Но мне всё одно холодно: укрой хоть кучей одеял – вряд ли поможет….
Гляжу на него и его гнусное усердие и не знаю, радоваться мне или печалиться.
– Будьте любезны всё же… развязать…
Кажется, он прыскает и готов расхохотаться:
– Вас не привязывали, я же сказал.
– Вздор!
– Подозреваю у вас частичный паралич… – он полон святого терпения. – Этот устроит вас? Даже так: теперь я почти уверен в этом. Недостаточная моторика, плохая чувствительность. Вот, поглядите…
В доказательство он тут же, вытянув из-под одеяла, приподнимает мои руки и показывает мне – бледные, как снег, с оттенком желтизны но, в самом деле, никаких пут нет и в помине – пользуйтесь на здоровье, как говорится. Нет никаких пут, ваша правда, даже и следов нет – и в лукавстве-то его не изобличишь! Но отчего я почти не чувствую его прикосновения, ни жара, ни холода? Руки как обмякшие срубленные ветви, вроде живые ещё, и гибкие, но сок, что в них, мёртв, не носит по жилам живительного кислорода. И впрямь мои это руки???
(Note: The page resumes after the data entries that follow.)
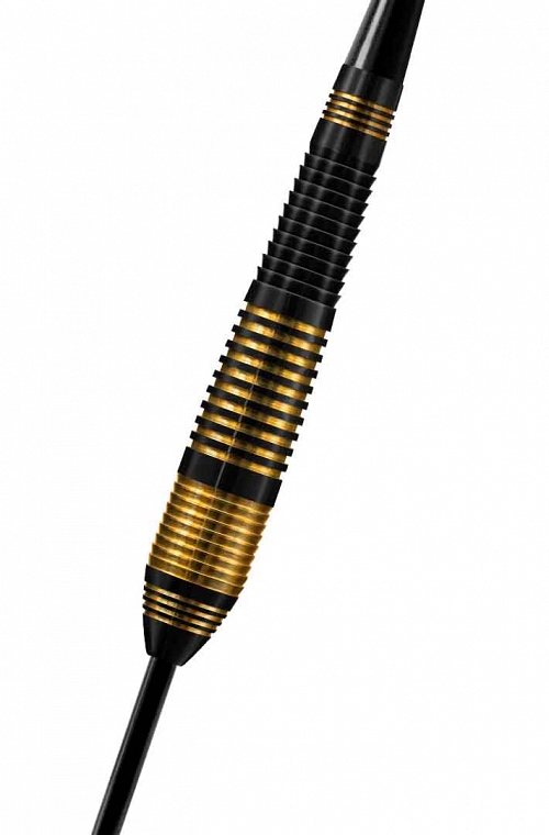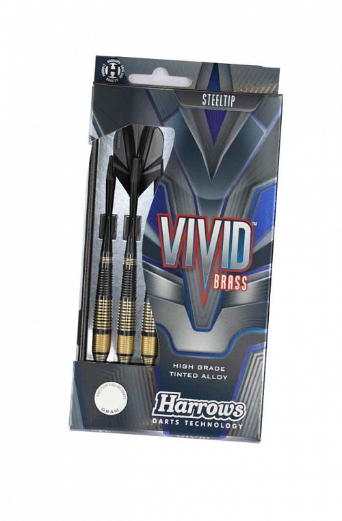 Dardos Harrows Vivid de punta de acero en color negro. Barriles de latón con un peso de 21 gramos. Dardos Harrows formados por cañas Speedline y plumas Vivid. Incluye caja de formato slim.
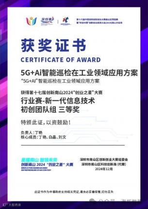 导读:热烈祝贺我司在第十七届创新南山2024“创业之星”大赛中凭借“5G+AI智能巡检在工业领域应用方案”获得行业赛-新一代信息技术初创团队组三等奖。
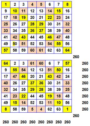 8 x 8 Les nombres de 1 à 64 (=8²) sont disposés dans la
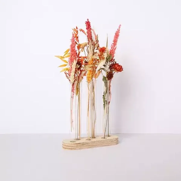 Deze houten bloemenhouder wordt in een mooi doosje inclusief 6 glazen vaasje geleverd.
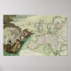 Illustrated vintage map showing Napoleon Bonaparte riding a chariot across the sea. Map commemorates the Napoleonic campaign to invade England. © Bridgeman Images
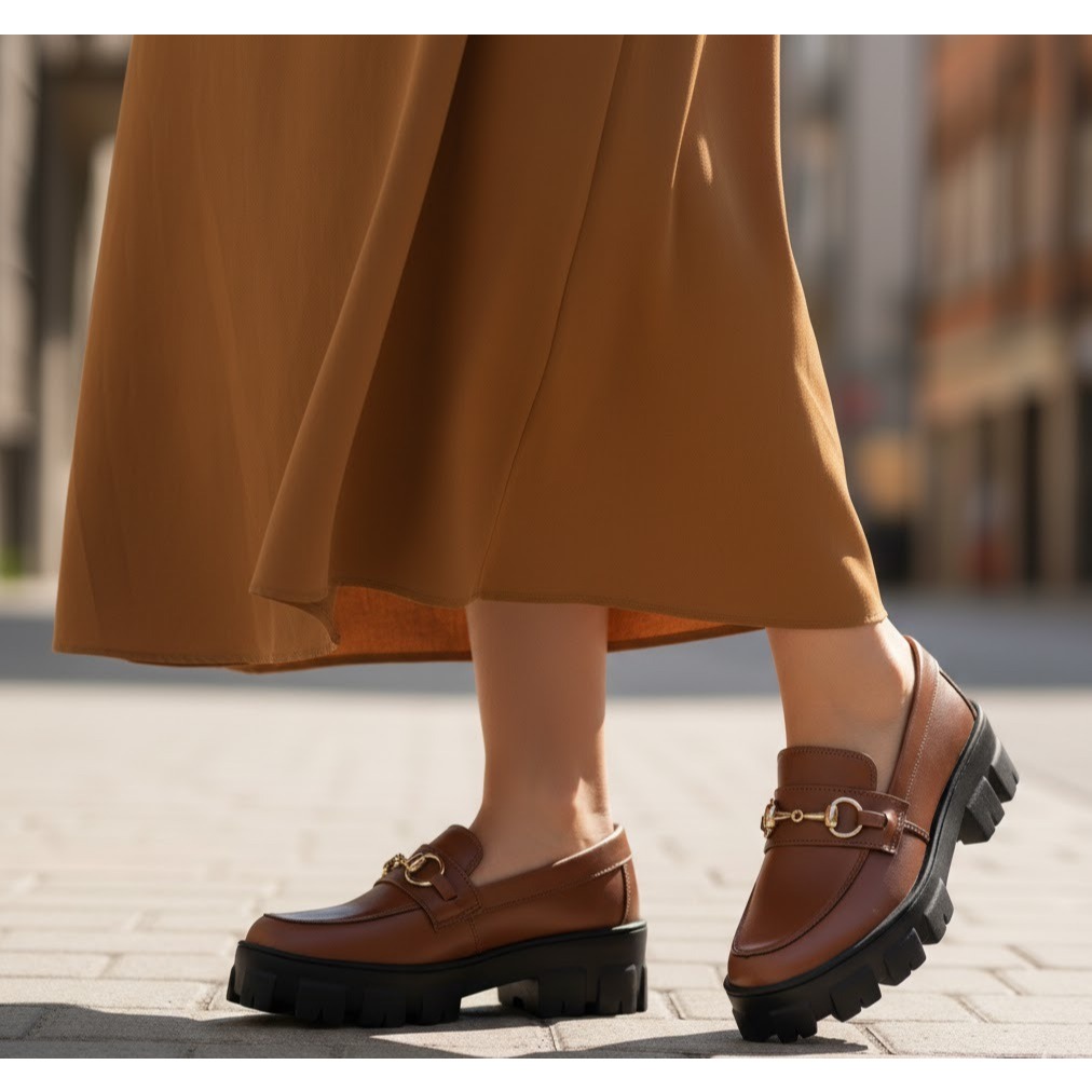 Comprar na ShopeeMocassim Feminino GiGiL Teen Tratorado Sapato Fivela Flatform Calce Fácil Detalhe Moda Atual Confortável

Нет, прочь наваждение, не может быть того! Тьма сгущается, дикие тени кругом, жуткие лица из мрака дней и лет – их не прогнать, не прогнать. Дьявольский смех то прямо над моим ухом, то в отдалении – старуха Фальк смеётся, крутясь на своей коляске, верещит, как стрекоза, ухает выпью. Оскар Шмидт царапается в дверь «Вечной Радости» и рыдает, и проклинает всех нас, счастливых внутри, нас, погубивших его своим равнодушием и чванливой забывчивостью, что никто не хочет отпереть ему, бросив блуждать вечно в холоде и одиночестве. Я бы отпер, но не могу – вот беда! Прости, прости!
Ну, вот и всё, Господи, вот и всё! Овощ, растение, вечнозеленый, но мертворожденный саженец, такой же, как бедолага Хёст, лежащий с открытым ртом Бог весть сколько, не говоря и не подавая почти никаких признаков осознанной жизни.
– …Частичный паралич, – обнадёживающе повторяет Стиг; вновь голос его проваливается куда-то в туман, обретая душу, и начинает существовать для меня собственным бытием, не завися от хозяина, – и, скорее всего, временный… Рискну даже назвать его ложным, ненастоящим. Вопрос в том, откуда это взялось; нет, не удушье – с этим ясно! – нечувствительность. Конечно, это поправимо, друг мой, но опять же…
Конечно, поправимо, нужна лишь малость – полное подчинение Правилам и вот, чудесное исцеление не за горами.
Я, набрав в грудь как можно больше гнева и злости, заменяющего нынче мне воздух, клокочу:
– Что за вздор! Ложный паралич… Возможно ли это?!
– Отчего нет? Если всё идёт от головы, от разума… Конечно, я не невролог, но вот однажды…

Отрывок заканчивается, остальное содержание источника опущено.